Actelion, Owkin Partner on Machine Learning to Improve Clinical Trials
A joint effort between the startup Owkin and Actelion Pharmaceuticals, one of the Janssen companies, will seek to develop machine learning techniques that could improve how clinical trials are designed, and how the results are analyzed.
While the two companies will work to create tools that can be applied in trials for any disease, the first part of the project is specifically focused on pulmonary arterial hypertension (PAH).
“We’re thrilled to embark on this project to demonstrate how imperative machine learning methodologies are to improve clinical trial design and evaluation,” Gilles Wainrib, Owkin’s co-founder and chief science officer, said in a press release.
Clinical trials are needed for figuring out whether or not an experimental therapy is effective, and safe for patients. Pharmaceutical companies must complete multiple trials before seeking regulatory approval to market new medicines.
However, running clinical trials in the real world requires navigating a host of barriers and challenges.
This is especially true for a rare disease like pulmonary hypertension, for which the number of people who are eligible, willing, and able to participate in clinical trials is limited. Few available participants mean that trials tend to be small. In a statistical sense, smaller studies have less power to detect a significant effect from an investigational treatment.
One strategy that can be used to get around this limitation is to use external control groups.
In most clinical trials, participants are divided into two or more groups that get different treatments; for example, it’s common for some trial participants to be given the active medication, while others are given an inactive placebo. This creates an experimental group — the patients given active treatment — whose results can be compared against the control group, or those on the placebo.
An external control group, as the name suggests, involves using a group outside of the clinical trial for comparison. For instance, a given trial might give all participants an investigational treatment, then compare the results to patients who received a placebo or a different treatment in a separate study.
While helpful in settings with limited participants, this strategy has obvious drawbacks: the whole point of a clinical trial is that all participants are being cared for basically the same way, except for the specific differences being investigated in the trial.
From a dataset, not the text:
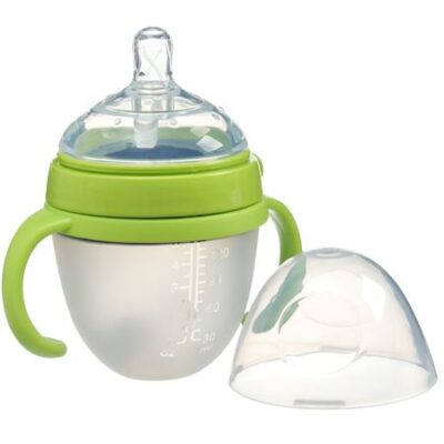 Бутылочка для кормления M&B, широкое горло Ø70 мм, от 3 мес, 150 мл., с ручками, силиконовая колба, зеленый. Бутылочка M&B изготовлена из нежного, гиппоаллергенного, пищевого силикона. Анатомическая форма естественным образом имитирующая грудное вскармливание, а наличие антиколиковой системы препятствует возникновению колик у малыша. <b> Особенности:</b> • Анатомическая форма корпуса максимально напоминает материнскую грудь, а ее приятная матовая поверхность не позволяет малышу выронить бутылочку из маленьких ручек. • Гибкий съемный гравитационный шарик позволит ребенку пить в любом положении. • Соска бутылочки содержит в себе два отверстия для воздуха, что позволяет младенцу не прикладывать усилий для питания. • Благодаря широкому горлышку бутылочку удобно мыть руками, без использования специальных щеток. • Корпус бутылочки содержит удобную шкалу, благодаря которой, вы не ошибетесь, при кормлении малыша детскими смесями. • С помощью нескользящих ручек подросший малыш сможет пить самостоятельно и управлять потоком жидкости. • Состав бутылочки не содержит красящих элементов — она абсолютно безвредна и рассчитана на долговременное использование. • Детскую бутылку можно стерилизовать, кипятить до 5 мин (бутылочка термостойкая), а так же мыть в посудомоечной машине.
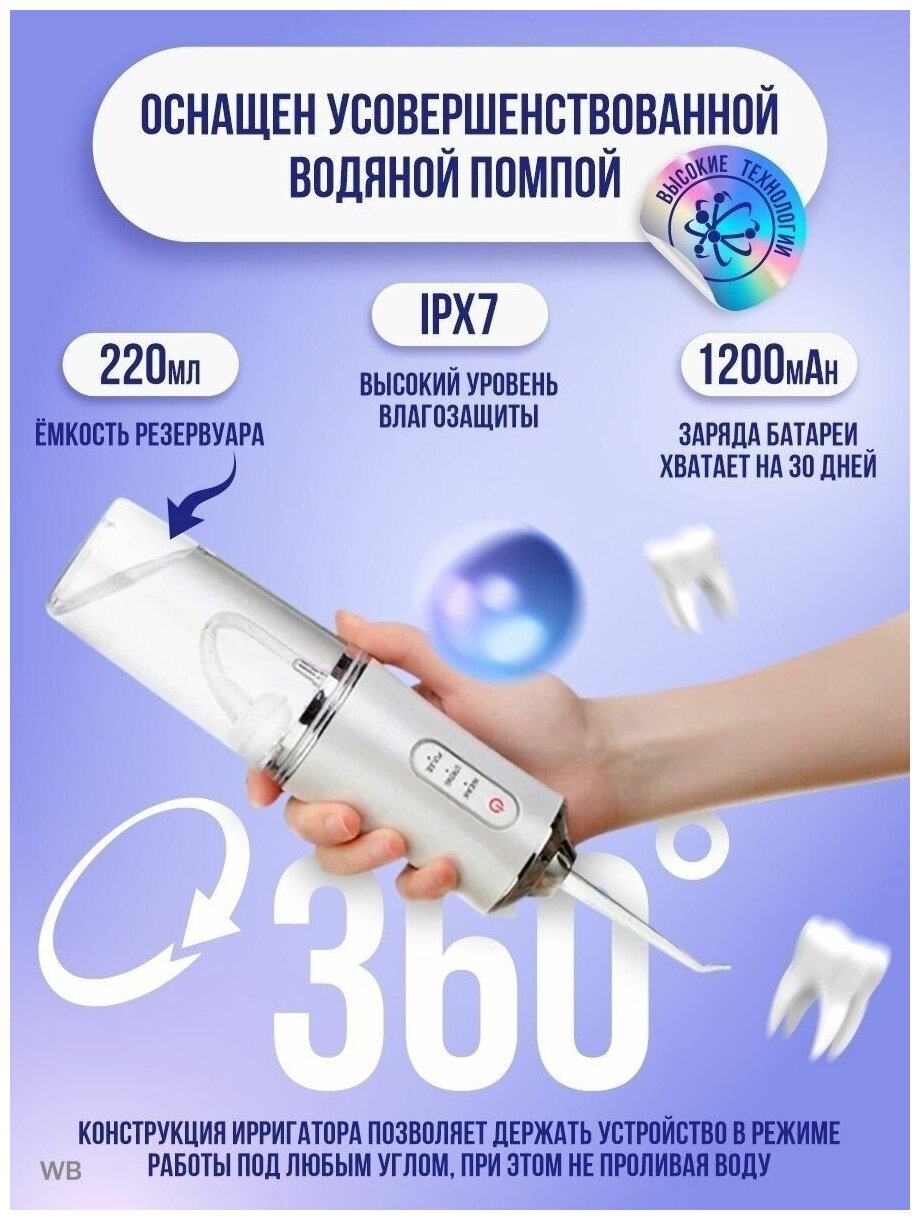 Power supply: battery powered, type: irrigator, principle of operation: impulse, nozzles: for jet cleaning, for tongue cleaning, orthodontic for braces, periodontal for gums, For the entire surface, For interdental pr

With an external control group, it’s possible that other differences could influence the results, and this may not be obvious when data are analyzed.
The goal of the venture between Owkin and Actelion (now Janssen Pulmonary Hypertension, part of the Johnson & Johnson pharmaceutical companies) is to use a technique called double/debiased machine learning to account for these confounding variables — the factors that are inconsistent in different trials.
“The aim of this initial project with Janssen’s R&D Data Science team is to investigate innovative machine learning-based methods for the estimation of treatment effect in clinical trials involving real-world data sources,” according to Owkin.
This technique may be a way of achieving enough statistical power to draw reliable conclusions in clinical trials with external control groups, the companies said.
The first project for the partners will focus on PAH, for which there remains no cure. PAH is a rare, progressive disease in which the pressure in the blood vessels of the lungs is elevated, resulting in stress on the heart. Owkin researchers note that early diagnosis and treatment are crucial for improving life expectancy in PAH.
Ultimately, the companies’ collaboration “has potential to help bring safe and effective drugs to patients faster,” Wainrib said.